How to reward employees for a job well done

October 1, 2009

Here are some tips for developing an incentive plan that will keep your medical staff motivated.

Staff incentives have long been the subject of debate. Some physicians endorse them and some fear them; others simply feel they’re already paying staff to do the job right. Whether staff should get incentives, and whether such incentives should be monetary, will continue to be a source of discussion for medical practices, even in a good economy.

Here are some practical tips for developing an incentive plan that will help keep your staff motivated.

The fear of giving incentives comes from the concern that once you pay staff extra, it becomes an expectation down the road with very little gratitude for the doctor who's paying it out. This fear will become a reality if you have the wrong staff or if the incentive is not well thought out.

Incentives don't work for employees with a bad attitude or poor work habits. They become suspicious and may even think you are trying to buy their loyalty. Their behavior must be addressed separately by setting goals for improvement and taking punitive action if there is no change.

Incentives do work for the right staff if the incentive is reasonable, well executed, fair, and communicated effectively. The goal behind the incentive must be clear and achievable.

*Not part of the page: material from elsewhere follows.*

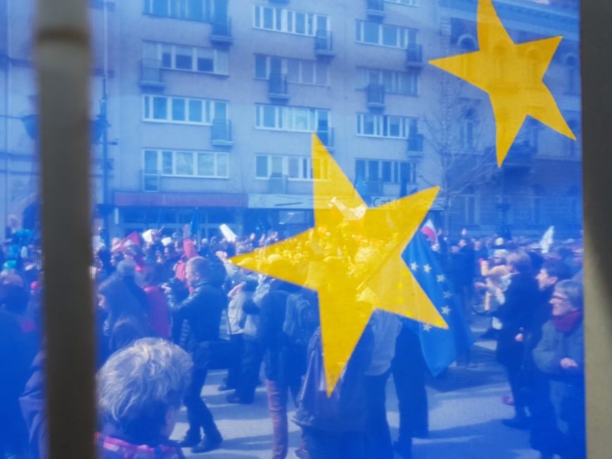 Obawialiśmy się trochę o pogodę, kapryśną w ostatnich dniach (niektórzy dobrze pamiętają poprzednią sobotę, gdy w obronie wolnych sądów i samorządów maszerowaliśmy w Warszawie w strugach deszczu). Ale tym razem pogoda nas nie zawiodła. Niezawodni, jak zawsze, okazali się też łodzianie, którzy tłumnie stawili się w umówionym miejscu. Nad głowami powiewały europejskie flagi, pojawiły się też nie wiadomo skąd niebiesko-żółte kwiaty, którymi ktoś udekorował nasze głośniki. W tłumie widziałam przedstawicieli wszystkich pokoleń – od kilkuletnich dzieci po ich dziadków i babcie. Dla każdego z nas Unia Europejska stanowi nieco inne doświadczenie – najmłodsi w ogóle nie pamiętają czasów, gdy Polski w Unii nie było. Dla nich pozycja Polski w Europie jest oczywista, może dlatego nie obawiają się o nią tak bardzo, jak ci, którzy pamiętają nieco więcej?

Whatever you decide, it is important that the urologists and the manager agree on what is to be accomplished and what the reward will be-and make sure it doesn’t break the bank. Will you be setting one-time goals or goals that evolve each year, so there’s always an opportunity to achieve bonuses?

Beyond its purpose to express appreciation to loyal employees, the bonus program should be based on specific goals that honor employees' contribution to achieving a particular goal. One example is establishing a shared bonus for receptionists based on improving collections at the front desk and reducing errors in patient registration in a measurable way. Another example is rewarding the schedulers if they reduce the missed appointment rate by a specific percentage within a certain period of time.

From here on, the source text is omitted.